Nie jestem przeciwko żadnej metodzie, która działa ....  W czasie wojen używano mocz i to żołnierz obsikiwał żołnierza - zgodnie z instrukcją udzielaną z ''góry"...  Znałam osobiście kobietę, która stosowała urynoterapię ... Bardzo poważnie chora czepiała się wszystkiego ... Nie mnie ją oceniać ... Dla mnie problemem jest tylko to, że nasze ciało wysikuje  lepsze na zewnątrz ... , a gorsze pozostawia w sobie - traktując organizm jako filter ... Zgodnie z logiką powinno być odwrotnie... Dlatego jestem przeciwnikiem tej metody - bo zwyczajnie wolę aby moje ciało gorsze wysikikiwało .... Nie wydaje mi się też aby moj post był promocją urynoterapiii
Gdy moje dzieci były małe nie było wielu nowoczesnych środków na pleśniawki, dostępne nie działały, a to działało, więc stosowałam to co działało...  Teraz nie wiem - świat ewouluje, może i mocz będzie miał inaczej ....?))))

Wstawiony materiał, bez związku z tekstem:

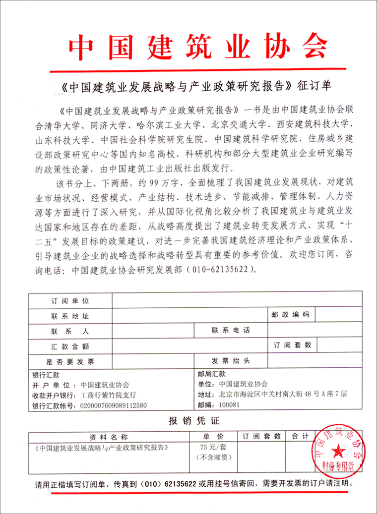 《中国建筑业发展战略与产业政策研究报告》征订单

27 sierpnia 2013 07:52 / 3 osobom podoba się ten post
To nie są metody prymitywne, w Pompejach u rzemieślników wytwarzających broń stał specjalny pojemnik i wchodzący był proszony o oddanie moczu. Potem w nim zanurzano miecze, był to jeden z etapów ich wyrabiania. Z rzymskiej broni nikt się nie śmiał, wręcz przeciwnie. Urynologia jest znana i ceniona od kilku tysięcy lat w Indiach, a taki okres czasu pozwala docenić co jest dobre dla naszych chorób. Ale w Europie jesteśmy często zbyt jednostronni i aroganccy, by uznać wartość czegoś innego, niż proponuje nasza medycyna, oparta głownie na chemii, powodującej skutki uboczne dla zdrowia.